The cowboys jeered at first, but after a time they began to marvel at the dogged walk of the youth. They gathered about the walls of the corral and laid bets on the outcome. At the end of the third hour Kintuck walked with a mechanical air, all the fire and fury gone out of him. He began to allow his pursuer to approach him closely, almost near enough to be touched. At the end of the four hours he allowed Mose to lay his hand on his nose, and Mose petted him and went to dinner. Odds stood in Mose's favor as he returned to the corral. He was covered with dust and sweat, but he was confident. He began to speak to the horse in a gentle, firm voice. At times the stallion faced him with head lifted, a singular look in his eyes, as though he meditated leaping upon his captor. At first Mose took no notice of these actions, did not slacken his pace, but continued to press the bay on and on. At last he began to approach the horse with his hand lifted, looking him in the eyes and speaking to him. Snorting as if with terror, the splendid animal faced him again and again, only to wheel at the last moment.

The cowboys were profanely contemptuous. "Think of taking all that trouble."

"Rope him, and put a saddle on him and bust him," they called resoundingly.

Mose kept on steadily. At last, when all the other horses had been turned loose, Kintuck, trembling, and with a curious stare in his eyes, again allowed Mose to lay his hand on his nose. He shrank away, but did not wheel. It was sunset, and the horse was not merely bewildered, he was physically tired. The touch of his master's hand over his eyes seemed to subjugate him, to take away his will. When Mose turned to walk away the horse followed him as though drawn by some magnetic force, and the herders looked at each other in amazement. Thereafter he had but to be accustomed to the bridle and saddle, and to be taught the duties of a cow horse. He had come to love his master.
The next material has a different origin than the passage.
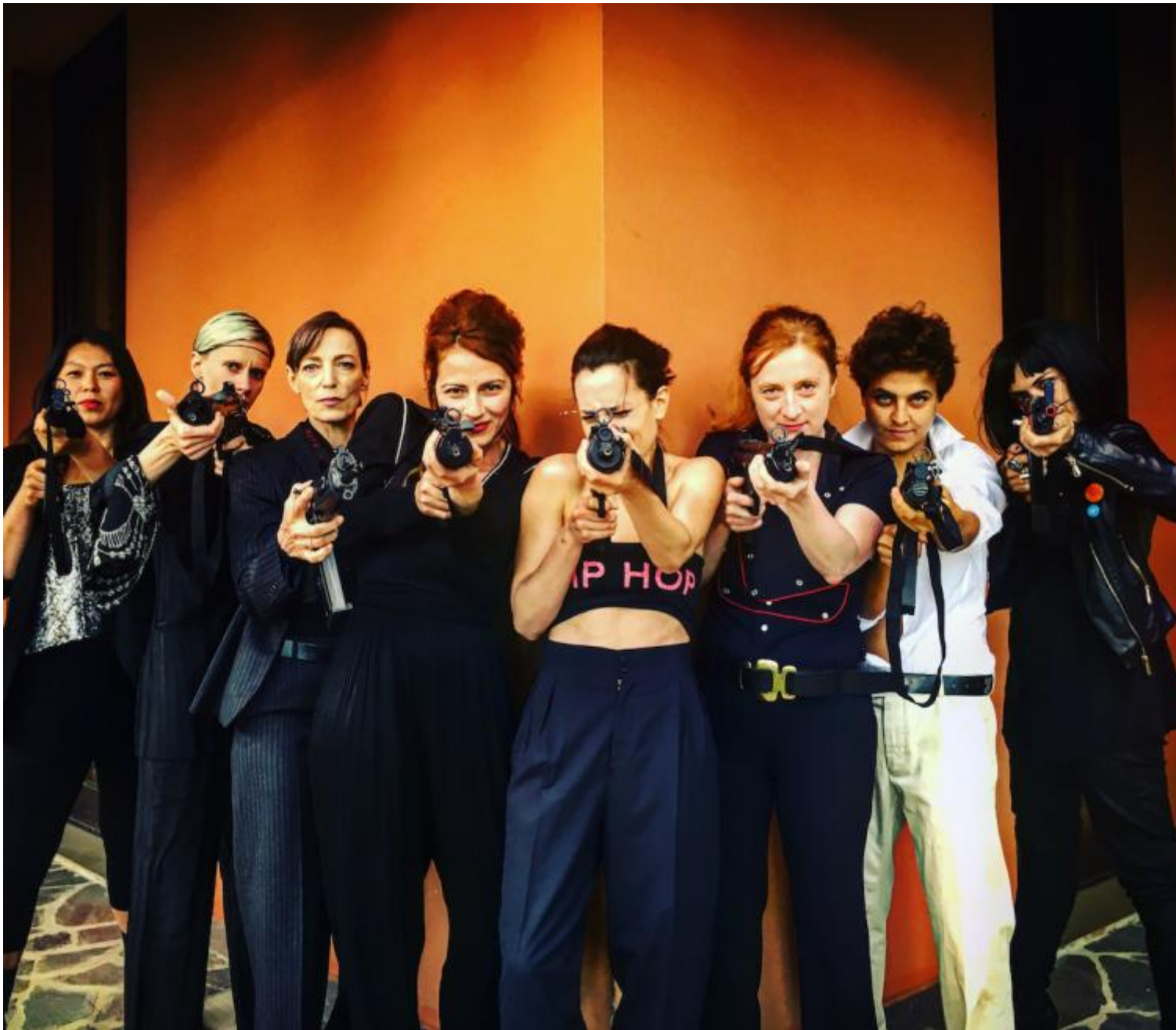
Raffiche motus, ph Endna.

moda, individuando, per ogni stagione, un tema da declinare in forme e formati glamour, intercettando un qualche “spirito dei tempi” in una bidimensionalità priva di profondità che corre omologa alla società dell’assenza, della trasparenza, del vuoto, dell’estraneità ( Hello Stranger ).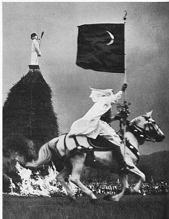
Am Sechseläuten, 17./18. April, verbrennen die Zürcher mit dem «Böögg» den Winter.

Lors du Sechseläuten, les 17/18 avril, les Zurichois brûlent le «Böögg», symbole de l'hiver.

This exploit increased the fame of "Dandy Mose," as the cowboys came to call him, because of the nature of his dress. He was bronzed now, and a very creditable brown mustache added to the maturity of his face. He was gaunt with hard riding, and somber and reticent in manner, so that he seemed to be much older than his years. Before the beef round-up was ended, he could rope a steer fairly well, could cut out or hold the herd as well as the best, and in pistol practice he had no equal.
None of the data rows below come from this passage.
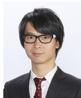
房野史典(ブロードキャスト!!) ナビゲートのオンライン講座 『超現代語訳 戦国時代』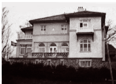
Gestapohovedkvarteret Wisborg med hagekorsflag 1945.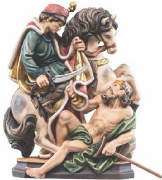
Bekende afbeelding van Sint Maarten

Toen hij eens op een feestdag naar zijn kerk ging, volgde hem een geheel naakte arme man. Martinus beval zijn aartsdiaken hem te kleden. Maar toen deze er zich niet mee haastte en eerst andere zaken ging regelen, gaf Martinus, in de sacristie gekomen, zijn eigen tuniek aan de arme, zond hem heen en bleef naakt achter.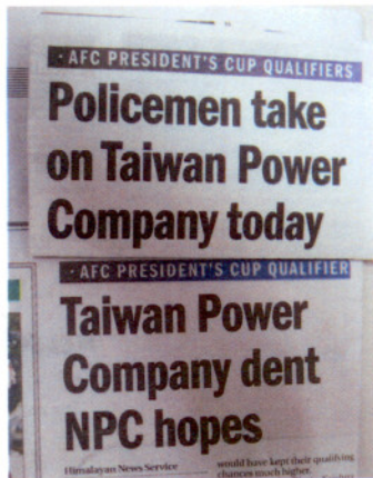
喜馬拉雅時報體育版

晚上 21：00 賽前會議，明日比賽對手塔吉克斯坦 Regar TadAZ 隊在前 4 屆亞足聯主席盃錦標賽獲 2 次冠軍，實力堅強；明天戰略以守代攻，爭和搶勝。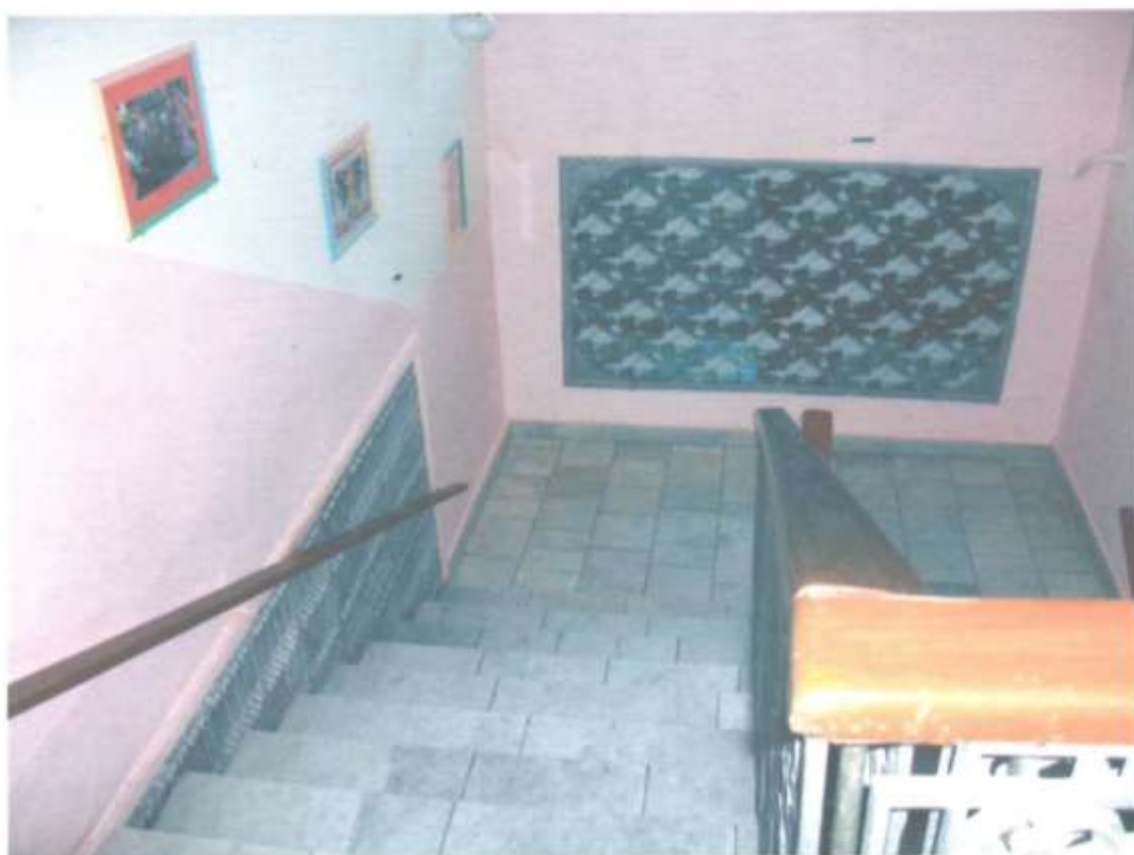
Фотография № 7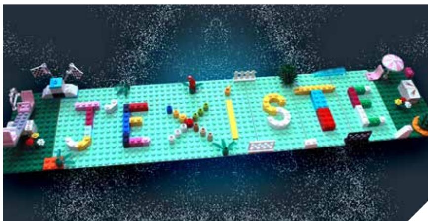
© Création de montage Gabin JACQUEL

Dans le cadre de la Journée Internationale des Droits de l'Enfant, les Échevins de la Jeunesse et de la Solidarité internationale, des Droits humains et de l'inclusion, en collaboration avec le Centre culturel, vous invitent à une série d'activités gratuites pour les plus jeunes et leur famille.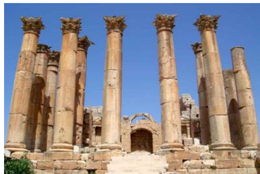
Templo de Artemisa (Jerash)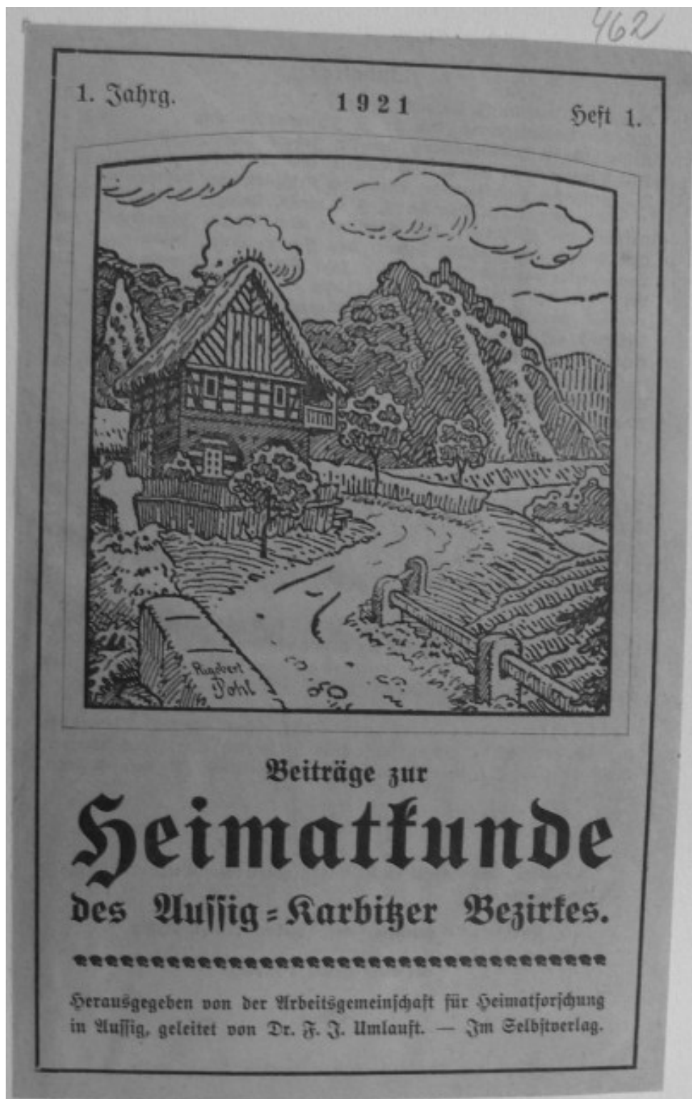
10 a) Obálka vlastivědného sborníku Beiträge zur Heimatkunde des Aussig-Karbitzer Bezirkes, 1921.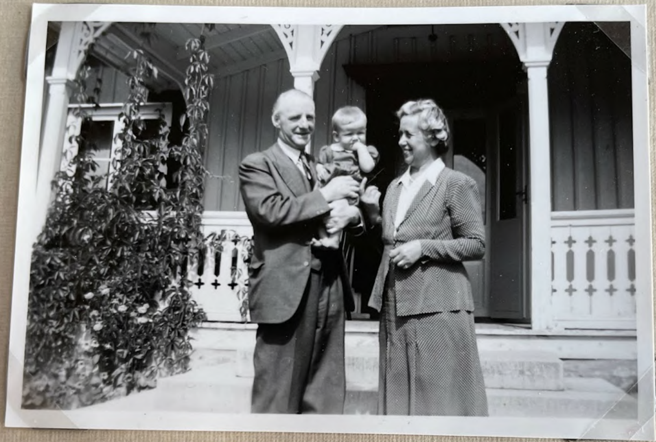
Med Farmor och Farfar 1 aug. 1943.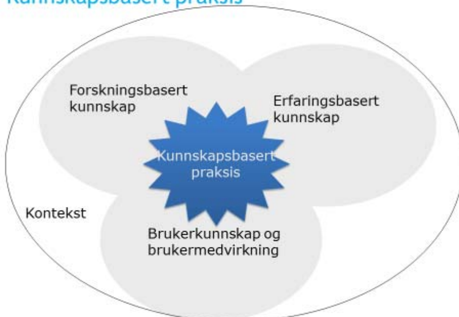
Figur 2. Kunnskapsbasert praksis.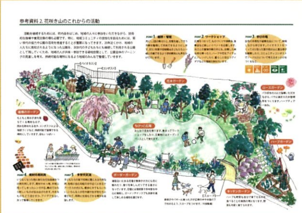
第33回 国土交通大臣賞 花咲き山

日常的な花や緑の活動を通して、地域の活性化や子どもたちへの情操教育、身近な環境の改善に寄与するプランを募集します。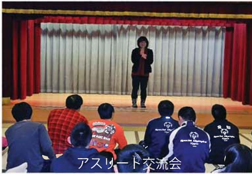
アスリート交流会

冬季スポーツプログラムは、合宿形式で行われるため、食後のお楽しみとして、アスリート交流会を行っています。食後、大広間に集まって、自己紹介（参加者全員）をして、お互いに親睦を深めるイベントです。最初は、自己紹介を嫌がっていたアスリートも、他の仲間が、次々と発表するのを見て、負けじと頑張って発表をし、その場の雰囲気盛り上げていました。今年は、若いボランティアの皆さんの参加があり、アスリートたちも楽しそうでした。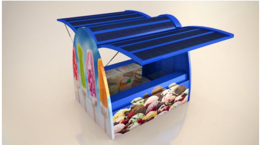
Photovoltaic Solar Electricity Potential in European Countries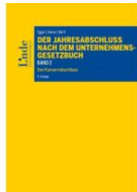
Der Jahresabschluss nach dem Unternehmensgesetzbuch, Band 2 Ladenpreis: 90,00EUR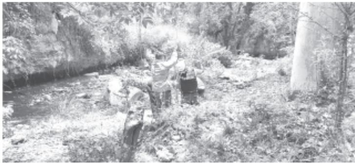
En el puente de La Encarnación, carretera a Tuzantla, policía Michoacán encontró restos humanos en el fondo, oficialmente no se informó, pero al parecer eran partes de un cuerpo.

No se informó a que sexo pertenece el cuerpo, que al parecer estaba descuartizado, ni se proporcionaron más datos sobre el caso.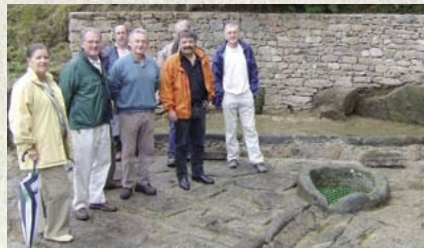
Les élus de la communauté de communes se sont rendus à Haute-Faye pour inaugurer, avec les représentants de la commune et de l'ASEPPV, le complexe hydraulique restauré.

La restauration de l'ensemble hydraulique de Haute-Faye est achevée. C'est le fruit d'une démarche partenariale exemplaire entre la communauté de communes de Bourgageuf – Royère de Vassivière, la commune de Royère de Vassivière et l'Association de Sauvegarde et d'Entretien du Patrimoine du Pays de Vassivière (ASEPPV). Réalisés par l'entreprise SOCOBAT de Bourgageuf, les travaux sont à la hauteur des espérances de l'association et des

He was well pleased with himself. He loved the swift riding, the night watches, the voices of wolves, the turmoil of the camp, the rush of the wild wide-horned herd, and the pounding roar of the relay horses as they came flying into camp of a morning. It all suited well with the leaping blood of his heart and the restless vigor of his limbs. He thought of his old home very little--even Mary was receding into the mist of distance.

When the beef herd was ready to be driven to the shipping point, Reynolds asked him if he wished to go. He shook his head. "No, I'll stay here." He did not say so, but he was still a little afraid of being called to account for his actions in Running Bear. He saw the herd move off with regret, for he would have enjoyed the ride exceedingly. He cared little for the town, though he would have liked the opportunity to make some purchases. He returned to the Reynolds ranch to spend the autumn and the winter in such duties as the stock required.
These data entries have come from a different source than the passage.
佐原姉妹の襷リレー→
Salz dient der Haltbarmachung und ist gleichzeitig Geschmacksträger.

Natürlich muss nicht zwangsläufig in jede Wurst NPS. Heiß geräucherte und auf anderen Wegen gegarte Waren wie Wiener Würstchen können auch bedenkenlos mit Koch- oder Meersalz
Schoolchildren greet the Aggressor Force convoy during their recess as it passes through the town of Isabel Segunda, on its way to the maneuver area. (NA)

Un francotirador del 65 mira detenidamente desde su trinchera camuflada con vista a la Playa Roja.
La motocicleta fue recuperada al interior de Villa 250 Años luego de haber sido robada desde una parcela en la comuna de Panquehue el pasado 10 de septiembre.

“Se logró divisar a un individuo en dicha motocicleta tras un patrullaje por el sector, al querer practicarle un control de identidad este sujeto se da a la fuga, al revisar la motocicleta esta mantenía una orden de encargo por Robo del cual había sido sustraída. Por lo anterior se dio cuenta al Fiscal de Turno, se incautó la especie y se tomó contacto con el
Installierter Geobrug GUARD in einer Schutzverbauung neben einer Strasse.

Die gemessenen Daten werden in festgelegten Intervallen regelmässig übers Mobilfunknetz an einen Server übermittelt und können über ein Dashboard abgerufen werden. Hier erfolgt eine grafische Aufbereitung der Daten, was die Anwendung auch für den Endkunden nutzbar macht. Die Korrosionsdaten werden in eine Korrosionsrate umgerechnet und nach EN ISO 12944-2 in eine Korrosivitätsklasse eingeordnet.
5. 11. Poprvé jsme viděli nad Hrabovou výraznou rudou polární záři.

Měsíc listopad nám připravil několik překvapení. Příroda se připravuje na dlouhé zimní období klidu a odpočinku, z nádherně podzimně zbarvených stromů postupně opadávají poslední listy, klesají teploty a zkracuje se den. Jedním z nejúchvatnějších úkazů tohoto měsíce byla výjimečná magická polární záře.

As the great peaks to the west grew whiter and whiter, looming ever larger at dawn, the heart of the boy grew restless. The dark canons allured him, the stream babbled strange stories to him--tales of the rocky spaces from which it came--until the boy dreamed of great white doors that opened on wondrous green parks.

One morning when Cora called the men to breakfast Mose and Jim did not respond. A scrawl from Mose said: "We've gone to the mountains. I'll be back in the spring. Keep my outfit for me, and don't worry."